Lo stesso giorno, oggi, di dieci anni fa sparò ad altezza uomo davanti a palazzo Chigi dove il governo Letta giurava nelle mani dell’allora presidente della Repubblica Giorgio Napolitano. Un proiettile centrò il brigadiere Giuseppe Giangrande, rendendolo tetraplegico a 50 anni ancora da compiere.

”Quel giorno partii dalla Calabria con la pistola che avevo comprato illegalmente dopo che i ladri provarono a entrare in casa – racconta – Scelsi proprio quel giorno per andare a Roma perché c’era il giuramento del nuovo governo, ho pensato che lì avrei trovato sicuramente un politico. Ero convinto che colpendone uno avrei vendicato quelli come me. In testa avevo Berlusconi, Bersani o Monti, erano loro i miei obiettivi. Colpire almeno uno di questi significava nella mia testa prendersi una rivincita per conto di tanti italiani nella mia stessa situazione, disoccupati nel pieno di una crisi economica che allora sembrava avrebbe affossato il paese. Sbagliavo. Io, che pur non volendolo ammettere ero in balia della depressione, commisi allora quello che poi si è rivelato il più grande errore della mia vita”.

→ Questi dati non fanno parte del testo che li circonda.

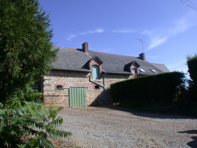 Parti bas avec lucarnes pendantes. Gros oeuvre en moellons mixte de grès, de poudingue et de schiste. Le logis était autrefois à deux pièces à feu en rez-de-chaussée, il est encadré d'étables et d'un ancien logis transformé en cellier.
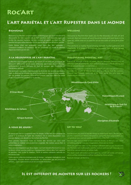 > Le Roc-Art vous invite à découvrir la diversité de l’art pariétal des 5 continents depuis 50 000 ans et vous propose en prime de vous exprimer à votre tour et de participer à une œuvre collective et vivante.
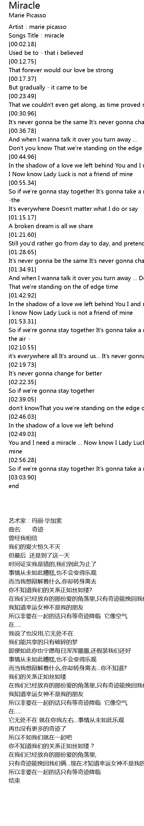 | [02:50.72] | You and I need a miracle ... Now know I Lady Luck friend is not of a mine |
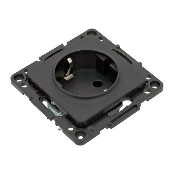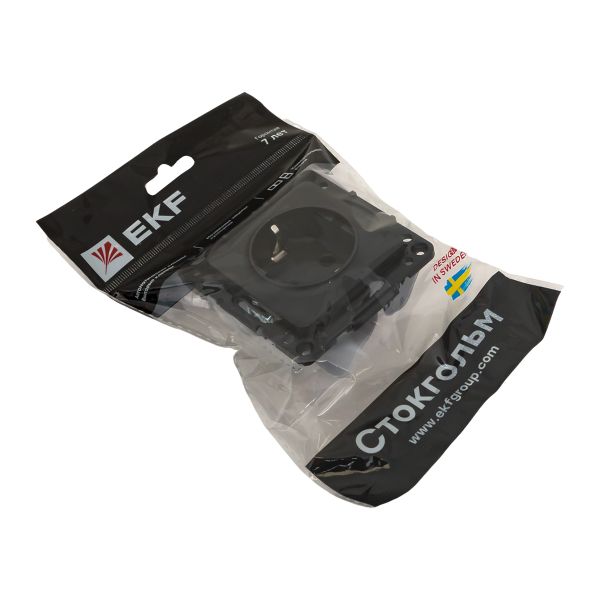 Стокгольм Механизм Розетки 1-местной с/з 16А автоматические клеммы черный с защ. штор. EKF

”Ricordo la prima notte in carcere come un incubo, non ho dormito per parecchio tempo – continua – piangevo in continuazione, non mi capacitavo di quello che avevo fatto perché non era quel carabiniere il mio obiettivo. Anzi, Giangrande è stato una vittima del sistema proprio come me.

Oggi mi sono fatto una cultura dietro alle sbarre, ho studiato lettere e filosofia – dice – Allora ero ignorante, mai lucido tra il lavoro che mancava e la separazione da mia moglie, rimasta in Piemonte insieme a mio figlio, che non vedevo da 8 mesi. Basti pensare – ricorda abbozzando un sorriso – che andai lì convinto di essere a Montecitorio, invece mi trovavo davanti a Palazzo Chigi e non c’era proprio nessuno”.